数据库系统代写|W4112 Database Systems Implementation Homework 4
这是一篇美国的数据库系统代写
- Consider the query from Homework 2:
SELECT R.A, S.B, T.C
FROM R, S, T
WHERE R.D=S.E and R.F=T.G AND T.H < 7
Suppose that each of the three tables is stored at a difffferent site in a distributed database.
(a) Show a distributed query plan that could potentially be used to answer this query. You can make (and should state) any assumptions about where the answer to the query is needed. Your plan should have at least one semijoin component.
(b) For your plan from part (a) above, estimate the total volume of the data that will be sent over the network. The size of the A, B and C columns are each 20 bytes, and the remaining columns are 4 bytes each. Each table has 108 rows. You will need to state any assumptions that you make about the selectivity of the selection condition, and the kind of join that’s involved (e.g., Is it one-to-one? Do all records have matches in the other tables?).
(c) Modify your plan above to replace one of the semijoins with a Bloom fifilter. Recalculate the cost taking into account the size of the Bloom fifilter and the false positive rate. What size and false positive rate minimizes the total network data volume?
- Consider the following alternative to the 2-phase commit (2PC) protocol. Explain its vulnerabilities.Is it correct? What kinds of failures could be problematic?
In this protocol, there is a coordinator site and many subordinate sites. At commit time, the coordinator transaction sends a prepare message to all subordinates telling them to prepare to commit, as in 2PC. If the coordinator receives an ack from all subordinates,it does nothing. If there is a missing ack after a certain time, say 10 seconds, an abort message is sent to all participants. Each subordinate that has entered the prepared state waits 20 seconds for an abort message. If an abort message arrives, the site locally aborts the transaction. If no abort message arrives, the site goes ahead and commits.

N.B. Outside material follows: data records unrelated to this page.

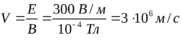 Однородное электрическое (Е = 300 В/м) и магнитное (В = 10-4 Тл) поля направлены взаимно перпендикулярно. Каковы должны быть направление и величина скорости электрона, чтобы его траектория была прямолинейной?
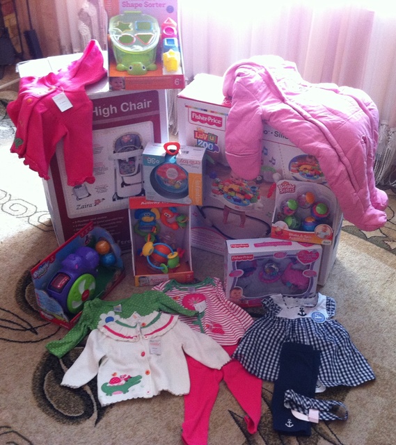 Вообще,конечно,я дурею от того,сколько всяких прибамбасов есть для современных детей! К нам вчера еще заморская посылка приехала от моего отца(фото ниже),так теперь я вообще не знаю,куда деваться от Аниных вещей..) у нас уже 3 мобиля:собственно сам мобиль,ночник с проекцией на потолок и красивыми картинками там, и вчера получили такой:за ниточку тянет мелкая,и в ответ колыбельная начинается, а в самом мобиле игрушки бегают..короче,я в восторге! А Аня зажралась!)) и ни на что уже не реагирует..я решила,что когда в Москву поедем,возьму по минимуму погремушек,пусть отдохнет.
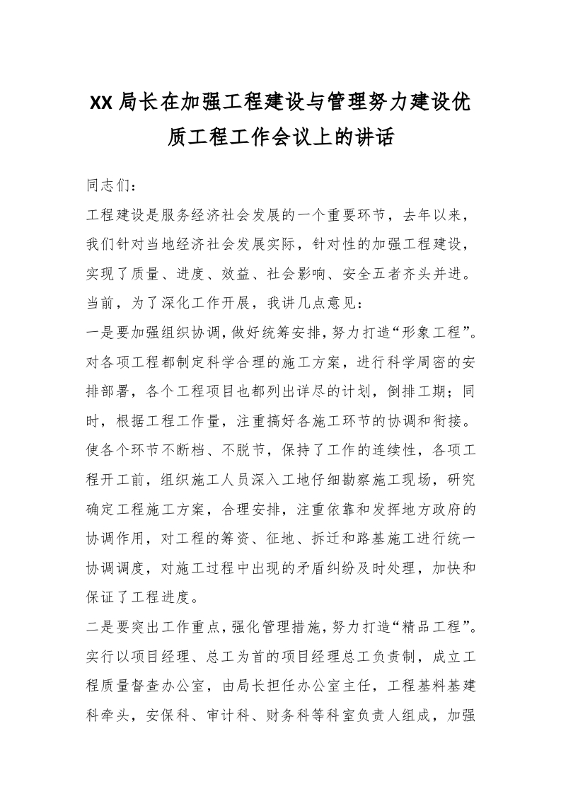 / XX局长在加强工程建设与管理努力建设优质工程工作会议上的讲话
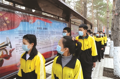 图为镇赉县蒙古族中学青年团员代表到烈士陵园开展“缅怀革命先烈 弘扬革命精神”祭扫活动。
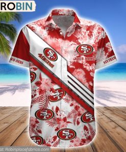The San Francisco 49ers Watercolor Pattern Hibiscus Hawaiian Shirt showcases a vibrant and tropical design. With its beautiful hibiscus flower pattern and watercolor effect, this shirt is sure to stand out. Its bright colors and soft fabric make it perfect for wearing at the beach or for a casual day out. The shirt features the iconic logo of the San Francisco 49ers, adding a touch of sportiness to the overall look. It’s the perfect garment for any fan of the 49ers who wants to show their team spirit in a fun and stylish way.
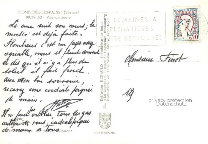 Plombieres-les-Bains_Vosges Vue générale Plombieres-les-Bains postalisch gelaufen ca. 1961 Erhaltung siehe scans [FriedD77] Frierer
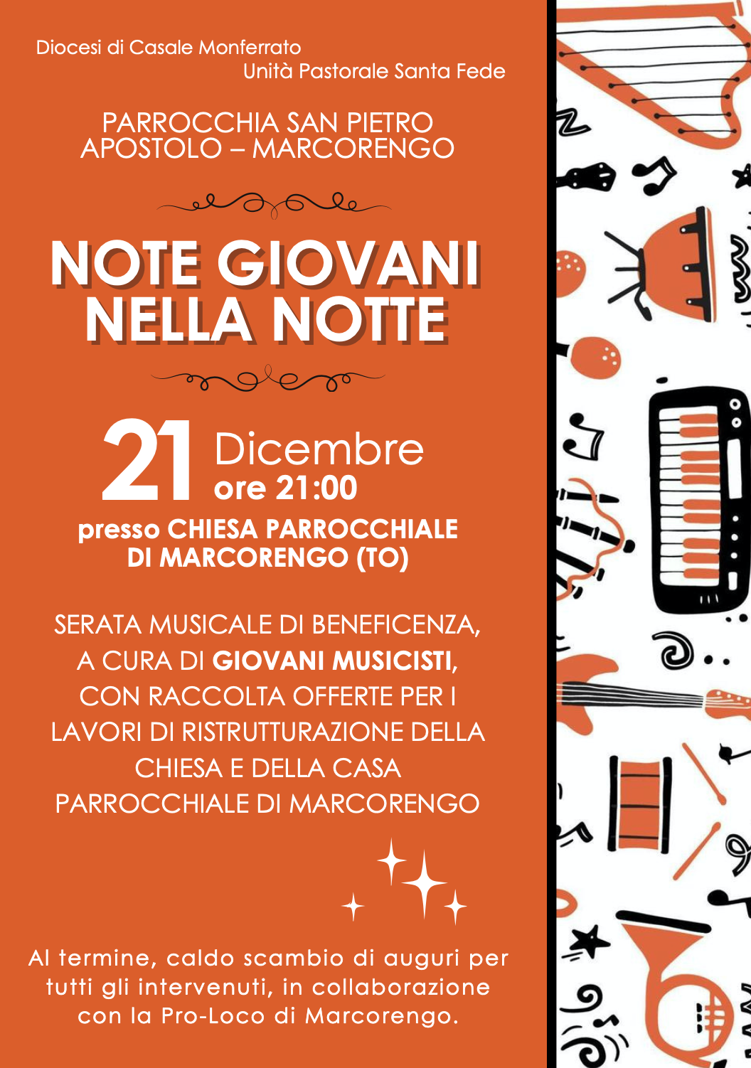 Domenica 21 dicembre 2025, alle 21.00, la Chiesa parrocchiale di Marcorengo aprirà le porte a “Note Giovani nella Notte”, una serata musicale di beneficenza promossa dalla Parrocchia San Pietro Apostolo di Marcorengo, all’interno dell’Unità Pastorale Santa Fede della Diocesi di Casale Monferrato. L’iniziativa porterà sul palco giovani musicisti under 30, alcuni dei quali alla prima esibizione pubblica, chiamati a misurarsi con brani di vario genere musicale, ispirati e non al Natale.

- FoundationDB insists that transactions take less than 5 seconds, and suggests that long transactions could be broken up into pieces that each take less than 5 seconds. Explain why, in the general case, breaking up transactions in this way would violate the ACID properties. Suggest a way to address these problems.Hint: Take a look at the fifirst three pages of this paper on Sagas:https://dl.acm.org/doi/10.1145/38713.38742.
- Consider a database for an on-line newspaper with four tables:
- Journalist(jid,name,department)
- Article(aid,title,words)
- Wrote(jid,aid,date)
- Clicks(aid,month,year,total)
The attributes have the obvious meanings, and the id attributes in each table form a (possibly composite) key for that table. Rows appear in the Clicks table only when the article has been read at least once, i.e., total will be positive. The only available indexes are on the keys of the table.
The following two views have been materialized, without any associated indexes:
V1 Select name, A.aid, words, date
From Journalist J, Article A, Wrote W
Where J.jid=W.jid And A.aid=W.aid
V2 Select jid, A.aid, C.month, C.year, sum(words*total) as words-served
From Article A, Wrote W, Clicks C
Where A.aid=W.aid and C.aid=A.aid
Group by jid, A.aid, C.month, C.year
For each of the following queries, express the query in SQL. Explain which (if any) of these views can be used (possibly in combination with the base tables) to answer the query. Explain how the view can be used, and whether using it would be likely to be more effiffifficient than the original query.
(a) Which articles did someone named “Mary Smith” write in April 2018?
(b) Give the names and addresses of journalists writing articles longer than 10,000 words.
(c) For each author, give the total words served in the fifirst complete calendar month after the article was written. (So if the article was written on March 23rd, the query is asking for words-served in the whole month of April of the same year. Don’t forget that December wraps to January of the next year.)
(d) List the aids of articles written in 2015 having fewer than 100 words.
(e) List the distinct names of all journalists who have written an article.
(f) List the names of all journalists who have written an article. In the event that n journalists happen to have the same name, the name should appear exactly n times in the answer.